Segment Start: Supplied entries

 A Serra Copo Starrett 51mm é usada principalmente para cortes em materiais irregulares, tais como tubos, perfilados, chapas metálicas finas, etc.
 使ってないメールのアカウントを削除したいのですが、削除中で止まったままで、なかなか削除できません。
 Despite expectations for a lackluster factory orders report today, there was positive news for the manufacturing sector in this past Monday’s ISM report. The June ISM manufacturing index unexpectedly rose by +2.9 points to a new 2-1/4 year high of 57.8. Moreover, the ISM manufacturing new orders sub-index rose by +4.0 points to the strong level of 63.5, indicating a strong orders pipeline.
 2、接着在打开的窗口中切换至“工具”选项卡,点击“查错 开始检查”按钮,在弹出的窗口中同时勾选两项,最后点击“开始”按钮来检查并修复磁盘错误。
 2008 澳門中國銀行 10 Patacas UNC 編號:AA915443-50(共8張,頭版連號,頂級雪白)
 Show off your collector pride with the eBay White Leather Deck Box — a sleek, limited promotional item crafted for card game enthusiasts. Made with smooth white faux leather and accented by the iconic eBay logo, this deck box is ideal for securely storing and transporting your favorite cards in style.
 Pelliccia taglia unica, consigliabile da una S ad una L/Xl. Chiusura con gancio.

Segment End: Supplied entries
Segment Start: Supplied entries

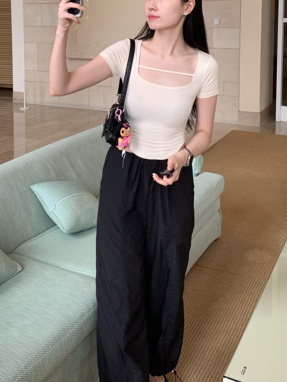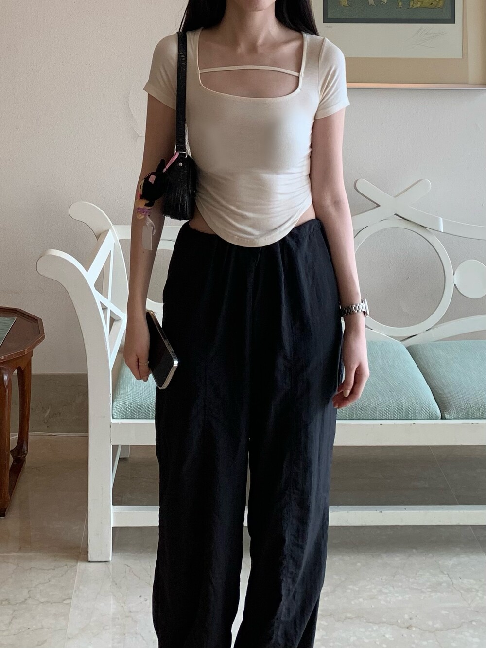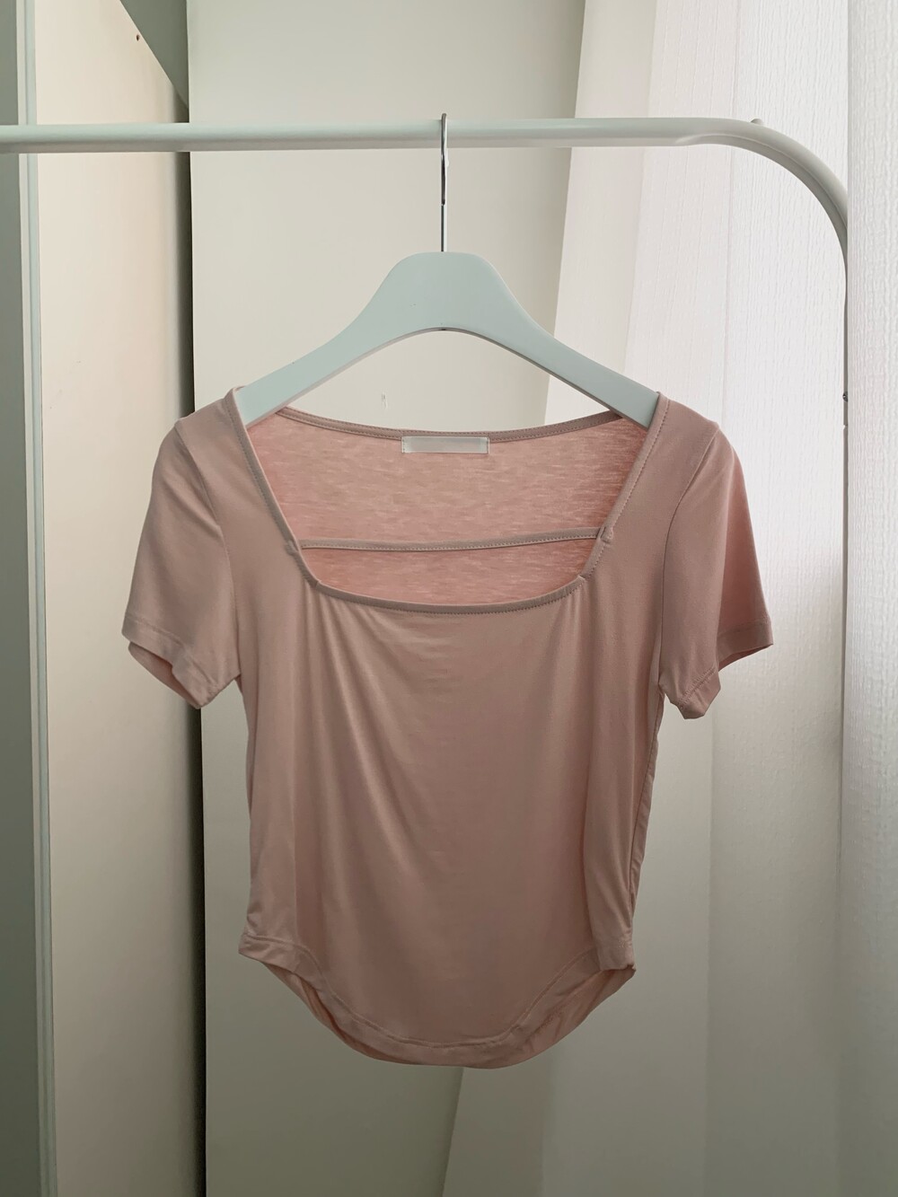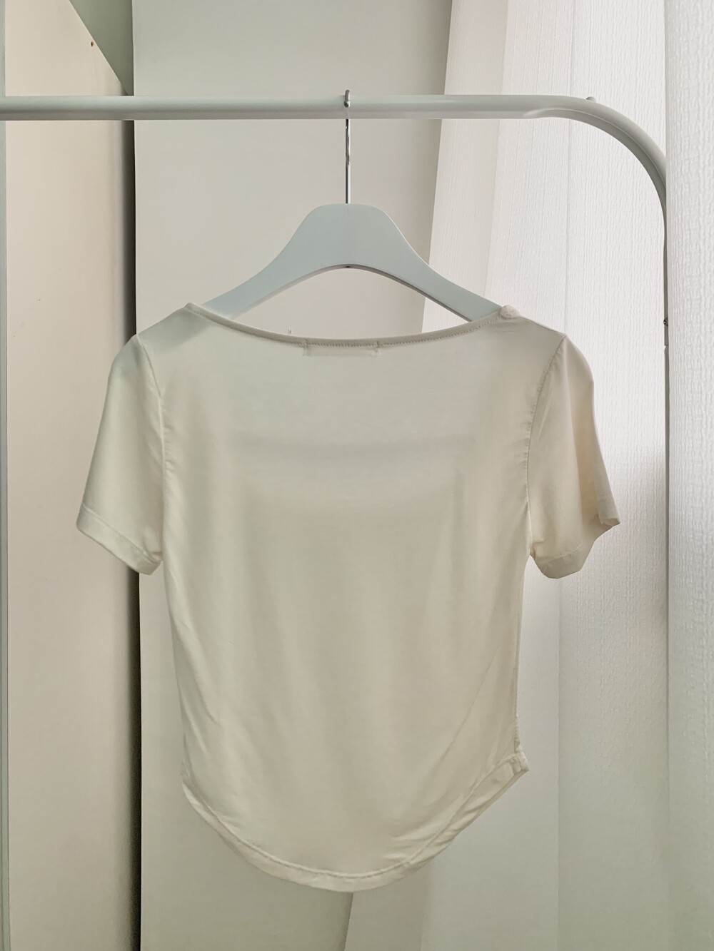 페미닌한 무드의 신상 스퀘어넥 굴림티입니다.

Segment End: Supplied entries

Prompt -
Using the data above, reproduce exactly the lines between those holding "A Serra Copo" and "使ってないメールのアカウント", inclusive, and no others.

Output -
 A Serra Copo Starrett 51mm é usada principalmente para cortes em materiais irregulares, tais como tubos, perfilados, chapas metálicas finas, etc.
 使ってないメールのアカウントを削除したいのですが、削除中で止まったままで、なかなか削除できません。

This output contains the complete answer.